Here I am thinking of some of the extra-solar planets already announced. Many of these have elliptical orbits, possibly being the only planet that orbits that star etc.



1-anything smaller than a gravisphere is not a planet

-- fair enough, you have to be "this big" to use the name Planet

2-anything big enough to start fusion is not a planet.

-- else you're a star

3-anything off the ecliptic by more than 5 degrees is not a planet;

-- bye bye Pluto, bye bye Mercury

4-anything with an eccentricity higher than .2 is not a planet;

-- bye bye Pluto, bye bye Mercury
-- but also kiss off many of the extra-solar planets as mentioned above


5-anything that does not orbit the sun is not a planet,

-- the Sun, or a Star. Do you mean to limit the designation "Planet" only to our solar system?

-- Note, the Moon orbits the Sun in an interacting orbit with the Earth.


6-anything that orbits a mass that is not a star (or former star) is not a planet.

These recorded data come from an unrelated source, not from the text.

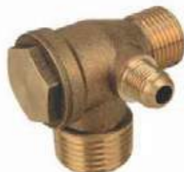
VÁLVULA RETENCIÓN BR PARA COMPRESOR
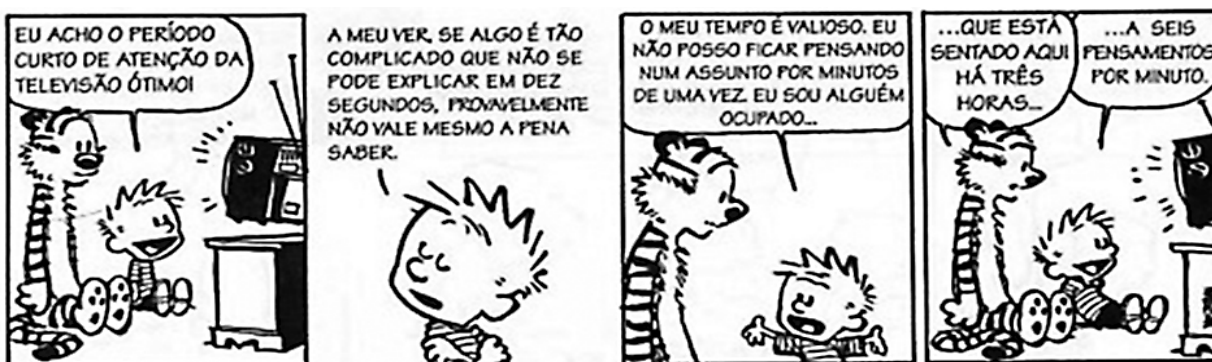
Figura 17 - Tira Calvin e Haroldo, “A televisão”.

Segundo Gonzales (2003), com objetivo em despertar no consumidor o desejo de possuir o produto, a publicidade tem o caráter primordial na venda e na obtenção de lucro. A relação entre as campanhas publicitárias e a indústria televisiva trabalha a comunicação de uma forma indispensável em prol da concretização do impacto da marca sobre o público-alvo. Além do formato do comercial tradicional de 30 segundos, há outros espaços, como o merchandising (inserção da marca, produto ou serviço em um programa), que está em crescimento constante, pois faz uso do tempo que a criança passa em frente à TV (figura 17).
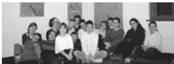
Spotkanie integracyjne uczestników programu „Starszy Brat – Starsza Siostra”

dziecka, wskazywanie mu ciekawych i wartościowych form spędzania wolnego czasu.
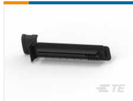
TE Teilenummer 85193-2 J+MICRO TIMER 55P PLUG ASSY(L)
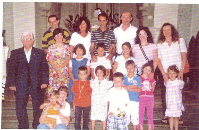
Gruppo misto con tanti bambini.
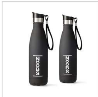
Hauptbild: 1 Foto mit Schatten, dupliziert
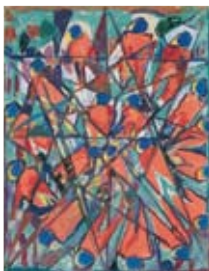
Vielfigurenprisma um 1930 Privatbesitz, Stuttgart
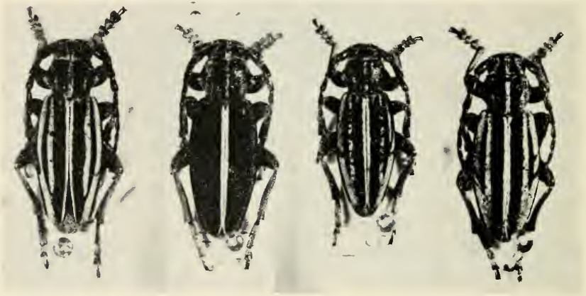
Abb. 4 D. iconiense DAN. Variationsbreite der ♂♂.

Unter der Population des D. iconiense von Yazılıkaya findet sich eine Reihe in der Zeichnung stark abweichender Tiere: Die Decken fast kahl, z. T. glänzend, mit deutlich ausgebildeter Suturalbinde, die beiderseits von einer samtschwarzen, schmalen Binde eingefasst ist. Mit Ausnahme der Deckenseiten fehlt das Grundtoment und die Humeral- bzw. Dorsalbinde ist im allgemeinen nur apikal angedeutet. Diese Tiere sind dem von Breuning (1966) nach einem Einzelbeleg aus Boğazkale beschriebenen D. subatritarse sehr ähnlich. Durch das freundliche Entgegenkommen von Herrn Perissinotto konnte der Verfasser den Typus des subatritarse untersuchen. Er gehört mit großer Wahrscheinlichkeit zu der von Heinz nachgewiesenen Form. Die Art subatritarse ist deshalb nach der Meinung des Verfassers als synonym zu iconiense zu betrachten ( syn. nov. ). Die oben charakterisierte Form zeigt bei einigen Tieren so eindeutige Übergänge zu iconiense , daß an der Artgleichheit kein Zweifel bestehen kann. Ähnliche Formen mit stark reduzierter oder völlig fehlender Bindenzeichnung finden sich auch unter den Populationen des iconiense aus Mucur.
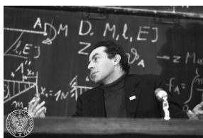
Karol Modzelewski na spotkaniu w auli Politechniki Warszawskiej, 1980 r.
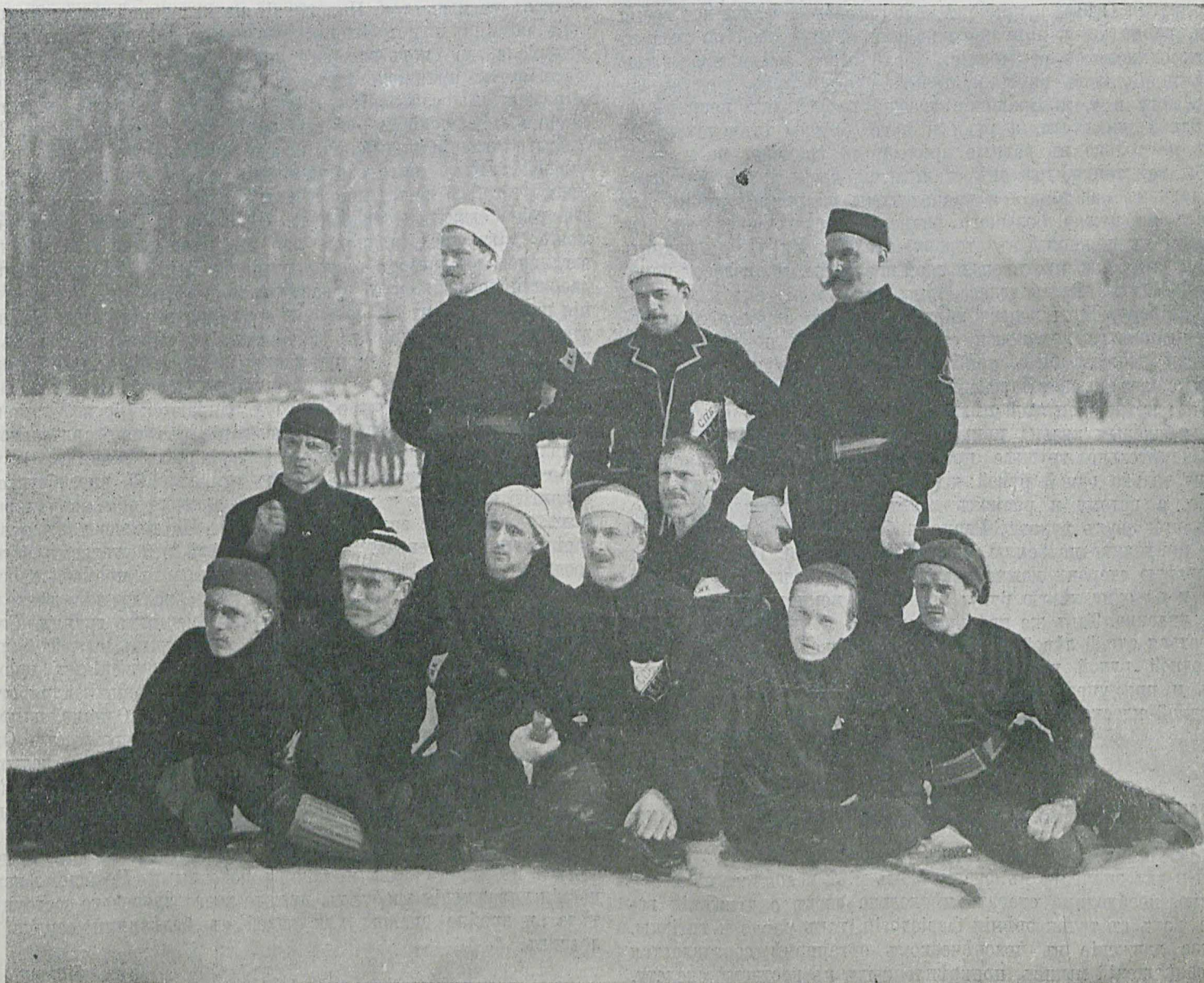
Сборная хоккейная команда „Петербургъ“, выигравшая матчъ въ хоккей у команды „Москва“ 27 февраля 1911 года.

Продолжается подписка на журналъ „Русскій Спортъ“: годъ—12 р., 1/2 года—6 р., 3 м.—3 р. съ доставкой и пересылкой.
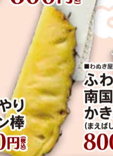
■わめき屋 ひんやり パイン棒 400円 税込
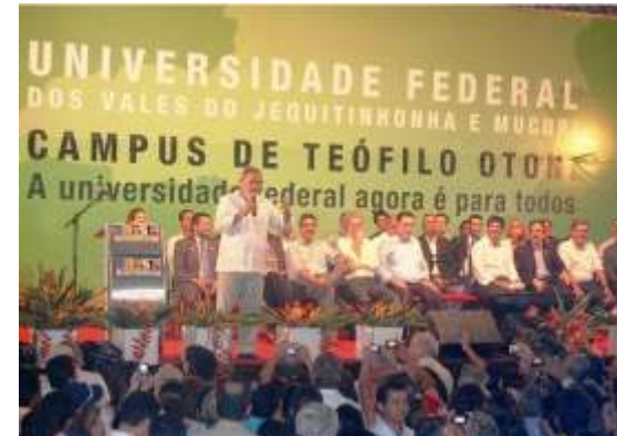
Presidente Lula durante seu discurso para o público presente na inauguração do CAM
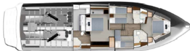
Classic 4 cabin layout with utility/laundry room
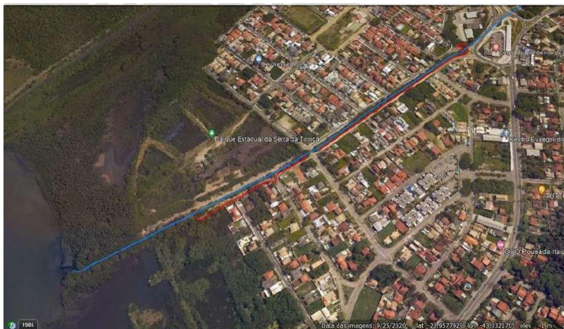
Figura 1. (A) Microbasins do sistema lagunar Itaipu-Piratininga, com representação de seus nove córregos e indicação dos principais contribuintes (rio Jacaré e rio João Mendes). Eco-barreira do rio João Mendes e localização do trecho de recuperação vegetal no córrego dos colibris, com nascentes no parque estadual da Serra da Tiririca. Adaptado da Carta Topográfica Matricial Baía de Guanabara SF-23-Z-B-IV-4 de 1:50.000. (B) Imagem de satélite com o local de recuperação da vegetação ripária (vista do Google Earth).
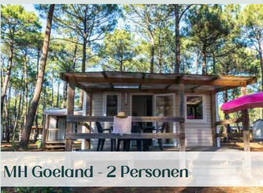
MH Goeland - 2 Personen

-- ok, but see hypthetical case below


7-anything with a density lower than water is not a planet;


-- Saturn would fail this categor, and otherwise this knowck off a few smaller icy bodies.


8-anything that does not have a density based stratified differentiation is not a planet.

-- this one might be a bit hard to determine without actually visiting the "alleged planet"'s location


9-anything that exists within a narrow co-orbital and co-planar population where no object contains more than 50% of the total population mass is not a planet

-- define narrow. The TNO and KBO areas are hard to describe as "narrow", even the Solar system's asteroid belt is hardly narrow.
-- Is this intended to eliminate Pluto, UB 313 etc. or just the asteroids?

10-anything that is co-orbital with a mass that contains 90% of the mass or greater in that orbit is not a planet.

-- OK so this lets off the Moon, and all the gas giant satellites, but not Charon.

Sad really since Triton, Ganymede etc are likely to be quite nice worlds, that our descendents might conceivably choose to live on. Would they be happy living on a mere moon?




Here's a hypothetical... we have a brown dwarf that orbits a red dwarf, and a rocky body that orbits the brown dwarf.

By the above definition list, the rocky body is a planet if the brown dwarf is fusing, but is a moon if it is not. Too bad if it starts fusing then runs out.. or if it stutter starts.. or if it gets enough mass added that fusion kicks in, then we promote the "moon" into a "planet" :-)


It's all a bit iffy... we could adjust the rules to include or exclude specific bodies based on the solar system, but we're begging to be hit by exceptions as more stars are examined.

I'd prefer a simpler set of rules, and let the chips fall. We can demote Pluto, or add UB313, but I'd rather not lose Mercury :-)



cheers,
Robbo

Jupiter?? how long ago did you grow up?

Here´s a good set of rules:

Definitions:

Planet: any body that orbits a star on a stable orbit.
Double Planet: any two bodies orbiting a common center of gravity around a star on a stable orbit
Satellite: any body that orbits another body (except a star) which is ten times more massive.
Asteroid: any body that orbits a star on an unstable or hyperbolic orbit
Comet: any icy body with meaningful surface activity, which orbits a star on an unstable or hyperbolic orbit.

Classification:

Planets

Major planet : >1,000 km diameter (ex: all solar system planets, including Xena)
Minor planet: between 100 m and 1,000 km diameter (ex: Ceres)
Micro planet: < 100 m "diameter" (ex: anything)

Satellites

Major satellite : >1,000 km diameter (ex: the Moon, Titan)
Minor satellite: between 100 m and 1,000 km diameter (ex: Deimos)
Micro satellite: < 100 m "diameter (ex: space junk)

Asteroids

Major asteroid : >1,000 km diameter (ex: none, so far)
Minor asteroid: between 100 m and 1,000 km diameter (ex: a great deal of them)
Micro asteroid: <100 m "diameter (ex: most of them)

Comets
Major comet: > 10 km
Minor comet: < 10 km

All of them (except the comets) can be classified into rocky, icy, and gaseous. Asteroids can retain their classification.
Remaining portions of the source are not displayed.